- _Exercise goal_:
Only lines holding the word "that" are wanted from the records; copy all of them.

- _Listed entries_:
^^^^
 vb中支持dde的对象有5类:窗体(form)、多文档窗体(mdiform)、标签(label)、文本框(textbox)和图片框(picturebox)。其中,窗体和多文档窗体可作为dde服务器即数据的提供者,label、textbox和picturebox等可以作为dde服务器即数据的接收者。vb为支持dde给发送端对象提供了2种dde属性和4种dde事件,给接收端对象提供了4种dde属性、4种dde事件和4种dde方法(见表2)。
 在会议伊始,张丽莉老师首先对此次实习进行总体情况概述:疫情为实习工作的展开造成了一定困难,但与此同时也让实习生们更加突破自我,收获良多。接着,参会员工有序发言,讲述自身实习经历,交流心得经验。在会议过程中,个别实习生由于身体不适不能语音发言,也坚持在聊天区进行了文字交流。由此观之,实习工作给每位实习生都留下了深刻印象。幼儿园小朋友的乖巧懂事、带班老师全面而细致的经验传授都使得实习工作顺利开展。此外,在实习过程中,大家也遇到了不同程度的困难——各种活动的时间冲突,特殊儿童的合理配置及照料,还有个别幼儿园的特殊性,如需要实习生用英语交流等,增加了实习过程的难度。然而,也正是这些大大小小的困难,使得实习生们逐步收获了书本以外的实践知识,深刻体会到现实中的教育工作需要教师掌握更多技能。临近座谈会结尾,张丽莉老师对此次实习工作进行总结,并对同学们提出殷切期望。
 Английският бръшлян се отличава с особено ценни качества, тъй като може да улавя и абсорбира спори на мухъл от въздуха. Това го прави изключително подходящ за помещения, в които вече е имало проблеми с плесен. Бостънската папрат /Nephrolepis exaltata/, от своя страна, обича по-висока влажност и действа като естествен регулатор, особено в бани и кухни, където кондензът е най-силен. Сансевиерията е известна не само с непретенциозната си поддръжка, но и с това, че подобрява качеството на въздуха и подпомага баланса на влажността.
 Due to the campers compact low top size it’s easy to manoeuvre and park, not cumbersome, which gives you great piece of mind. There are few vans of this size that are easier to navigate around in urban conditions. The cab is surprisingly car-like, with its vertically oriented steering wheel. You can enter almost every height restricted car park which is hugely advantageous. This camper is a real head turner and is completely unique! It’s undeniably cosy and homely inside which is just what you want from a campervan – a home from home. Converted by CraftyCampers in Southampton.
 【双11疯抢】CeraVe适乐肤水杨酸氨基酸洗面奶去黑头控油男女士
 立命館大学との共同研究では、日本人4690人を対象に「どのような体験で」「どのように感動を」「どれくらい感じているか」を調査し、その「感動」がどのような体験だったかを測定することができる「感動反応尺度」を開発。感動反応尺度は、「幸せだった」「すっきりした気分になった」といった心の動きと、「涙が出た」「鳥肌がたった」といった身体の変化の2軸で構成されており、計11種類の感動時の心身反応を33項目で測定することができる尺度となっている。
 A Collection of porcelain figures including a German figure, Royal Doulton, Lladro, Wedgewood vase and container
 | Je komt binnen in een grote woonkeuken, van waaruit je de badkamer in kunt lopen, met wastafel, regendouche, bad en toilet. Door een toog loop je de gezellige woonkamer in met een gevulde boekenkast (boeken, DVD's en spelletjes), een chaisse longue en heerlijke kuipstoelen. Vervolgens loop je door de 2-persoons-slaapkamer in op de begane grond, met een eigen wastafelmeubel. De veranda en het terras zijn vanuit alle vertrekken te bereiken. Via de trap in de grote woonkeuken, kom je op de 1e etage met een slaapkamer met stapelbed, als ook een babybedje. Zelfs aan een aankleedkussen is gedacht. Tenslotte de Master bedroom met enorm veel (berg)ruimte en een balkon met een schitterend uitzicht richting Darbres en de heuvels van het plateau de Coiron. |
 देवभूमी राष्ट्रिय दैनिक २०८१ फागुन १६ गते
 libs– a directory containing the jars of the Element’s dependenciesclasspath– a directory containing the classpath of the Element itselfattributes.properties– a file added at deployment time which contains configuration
^^^^
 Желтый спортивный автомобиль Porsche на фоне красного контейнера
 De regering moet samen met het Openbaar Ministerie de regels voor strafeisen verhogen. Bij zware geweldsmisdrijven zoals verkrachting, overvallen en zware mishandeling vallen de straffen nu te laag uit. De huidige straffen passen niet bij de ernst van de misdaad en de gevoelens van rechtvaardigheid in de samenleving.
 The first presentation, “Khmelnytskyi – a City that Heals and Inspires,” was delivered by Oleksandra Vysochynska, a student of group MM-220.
^^^^
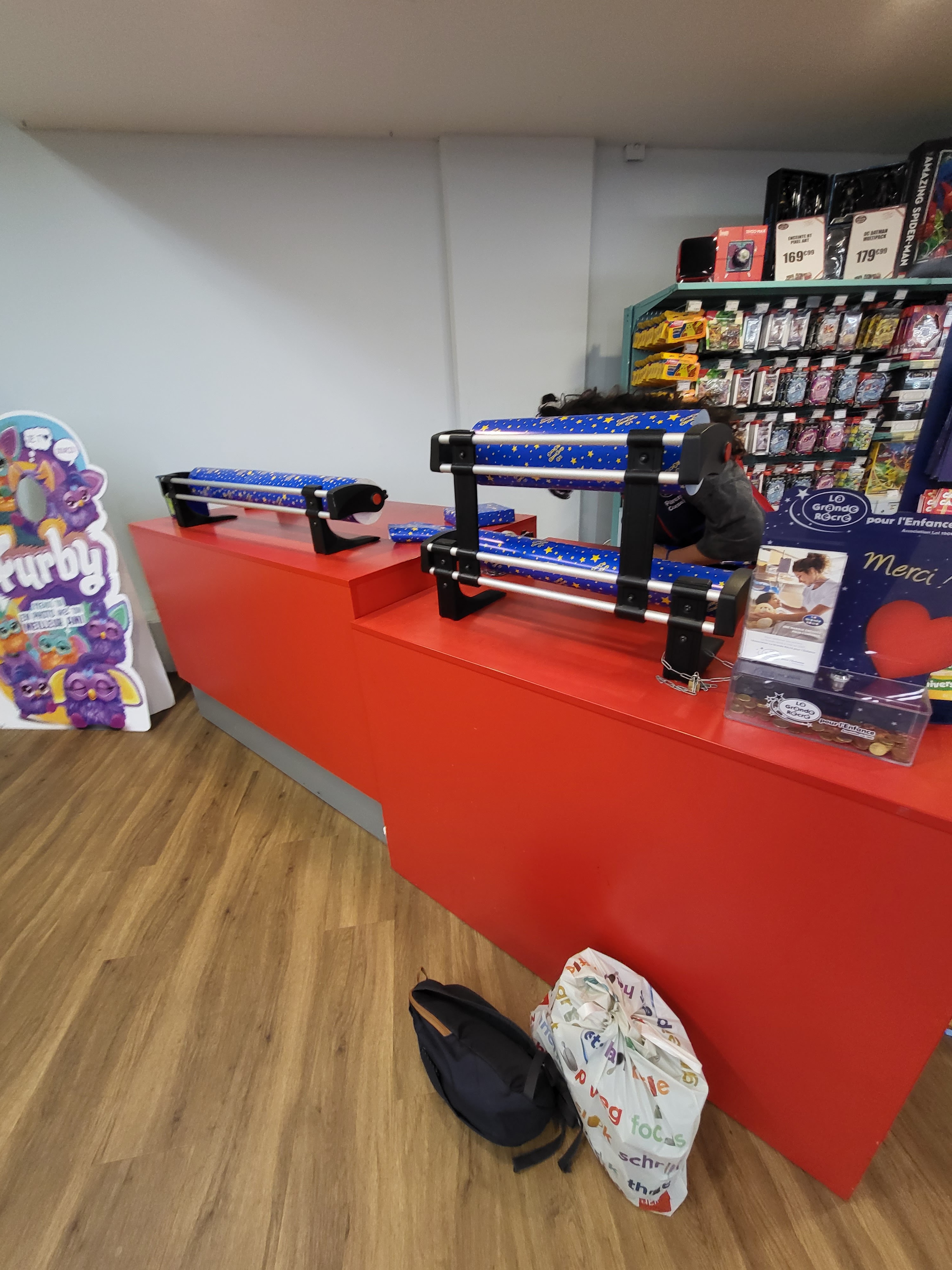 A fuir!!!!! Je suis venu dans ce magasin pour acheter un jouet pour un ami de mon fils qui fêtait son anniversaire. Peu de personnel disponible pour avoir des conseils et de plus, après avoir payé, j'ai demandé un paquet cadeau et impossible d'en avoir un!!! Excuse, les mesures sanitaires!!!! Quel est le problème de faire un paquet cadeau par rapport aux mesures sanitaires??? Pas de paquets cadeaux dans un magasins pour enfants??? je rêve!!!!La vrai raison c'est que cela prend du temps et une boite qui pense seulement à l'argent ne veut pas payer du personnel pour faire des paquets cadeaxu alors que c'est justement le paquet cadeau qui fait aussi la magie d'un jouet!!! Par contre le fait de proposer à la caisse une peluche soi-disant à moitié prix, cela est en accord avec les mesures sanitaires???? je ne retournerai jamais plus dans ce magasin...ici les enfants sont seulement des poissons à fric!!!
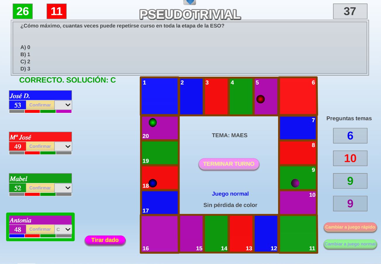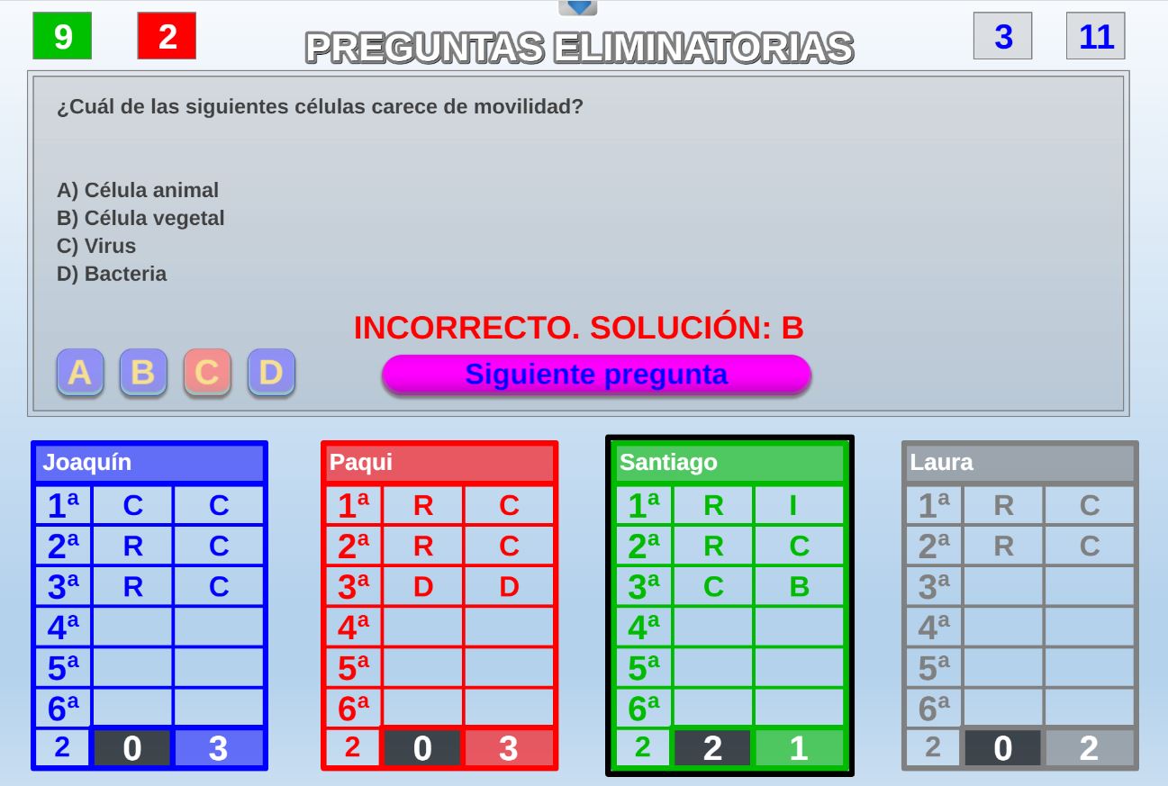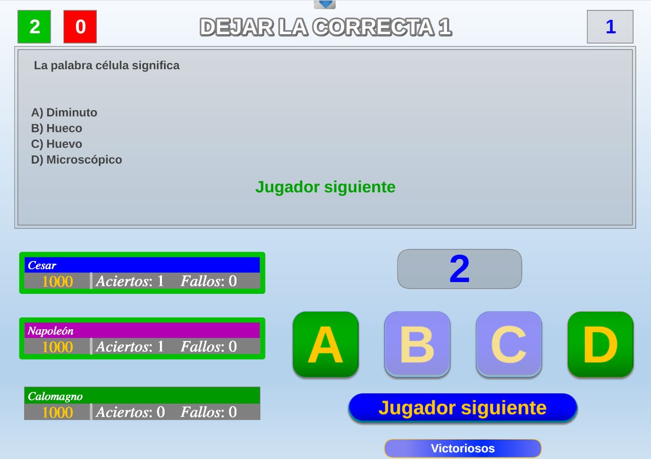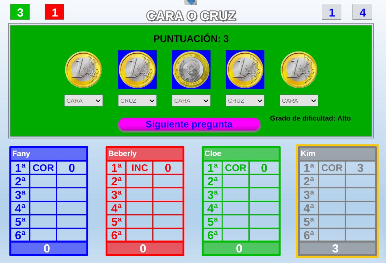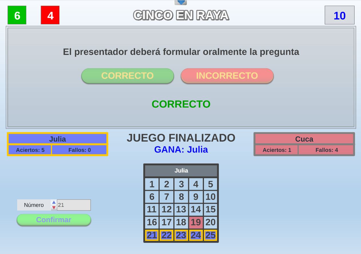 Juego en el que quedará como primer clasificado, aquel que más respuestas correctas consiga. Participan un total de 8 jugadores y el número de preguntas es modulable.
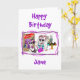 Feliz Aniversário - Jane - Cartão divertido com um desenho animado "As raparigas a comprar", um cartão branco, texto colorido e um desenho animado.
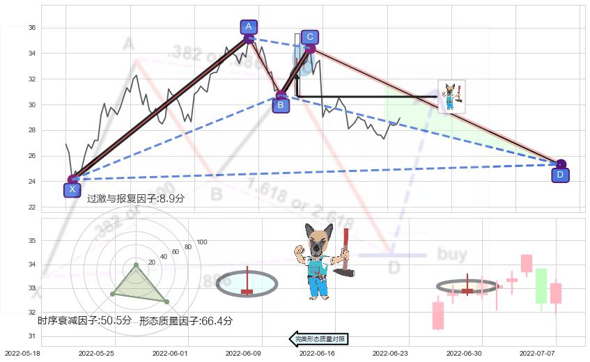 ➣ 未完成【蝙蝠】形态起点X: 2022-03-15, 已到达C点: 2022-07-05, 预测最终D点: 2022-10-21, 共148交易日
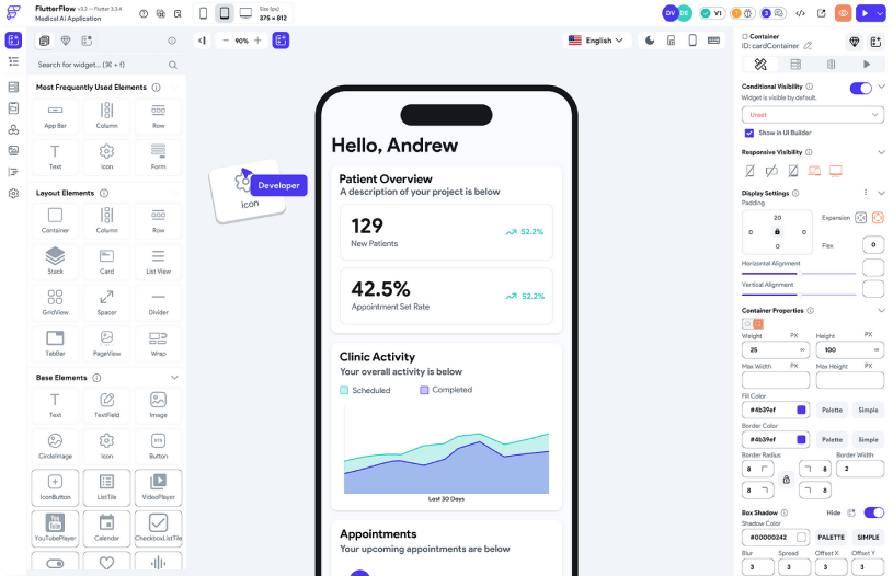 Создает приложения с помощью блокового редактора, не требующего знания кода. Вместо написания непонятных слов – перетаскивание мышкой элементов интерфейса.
^^^^
- _Finished exercise_:
 Due to the campers compact low top size it’s easy to manoeuvre and park, not cumbersome, which gives you great piece of mind. There are few vans of this size that are easier to navigate around in urban conditions. The cab is surprisingly car-like, with its vertically oriented steering wheel. You can enter almost every height restricted car park which is hugely advantageous. This camper is a real head turner and is completely unique! It’s undeniably cosy and homely inside which is just what you want from a campervan – a home from home. Converted by CraftyCampers in Southampton.
 The first presentation, “Khmelnytskyi – a City that Heals and Inspires,” was delivered by Oleksandra Vysochynska, a student of group MM-220.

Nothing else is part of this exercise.